I’ve read that the Legendre symbol $$\left (\frac{\cdot}{p} \right ): x \mapsto \left (\frac{x}{p} \right ) $$ is a character of the group $G=(\mathbb{Z}/p\mathbb{Z})^\times$.
However, that means the character group $\hat G$ is the abelian group formed by the group homomorphisms $\chi : G \rightarrow \mathbb{C}^{\times}$ under multiplication, right? I’m trying to understand how this group is isomorphic to $G=(\mathbb{Z}/p\mathbb{Z})^\times$. In particular, why does it have $p-1$ elements?
Edit: to clarify, I already know that this isomorphism is a general fact for all finite abelian groups, what I don’t understand is why there are $p-1$ elements in the character group in this particular example. I know there must be $p-1$ of them, but I have trouble “picturing” them.

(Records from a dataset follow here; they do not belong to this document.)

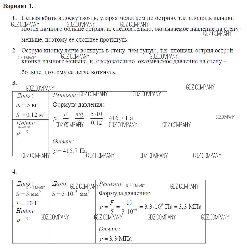 самостоятельная работа / ср №24. давление. единицы давления / вар. 1
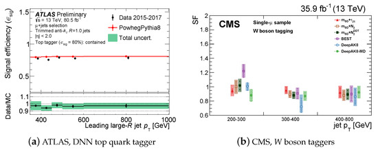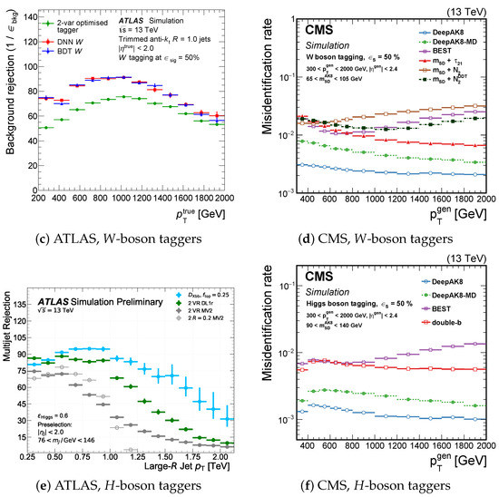 - ATLAS Collaboration. Performance of Top Quark and W Boson Tagging in Run 2 with ATLAS. 2017. Available online: https://atlas.web.cern.ch/Atlas/GROUPS/PHYSICS/CONFNOTES/ATLAS-CONF-2017-064 (accessed on 30 March 2022).
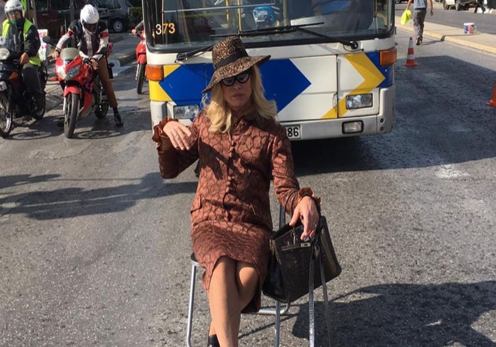 Ο γνωστός Έλληνας σχεδιαστής μόδας φόρεσε μία φούστα, ασορτί μπλούζα και καπέλο, πήρε τα δύο του σκυλιά και φωτογραφήθηκε μέσα στη μέση του δρόμου.

The character group $\hat{G}$ of a group $G$ is defined as $$\hat{G}=\lbrace \chi:G\to \mathbb{C}^\times \mid \chi\text{ homomorphism}\rbrace$$
as Sean Eberhard wrote in the comment. (note: some require that the image lies in $\mathbb{C}^1$, the unit circle, but for finite groups this does not matter). This allows for the image to be more than just $\lbrace \pm 1\rbrace$. Indeed, e.g. for $G=\mathbb{Z}/4\mathbb{Z}$, there is a character defined by $1\mapsto i$.
As Dietrich Burde mentions, it is a general fact that $\hat{G}\cong G$ for all finite abelian groups. A proof can be found in Keith Conrad's notes, https://kconrad.math.uconn.edu/blurbs/grouptheory/charthy.pdf, Theorem 3.13. In your case, as $(\mathbb{Z}/p\mathbb{Z})^\times$ is cyclic, actually Theorem 3.11 suffices.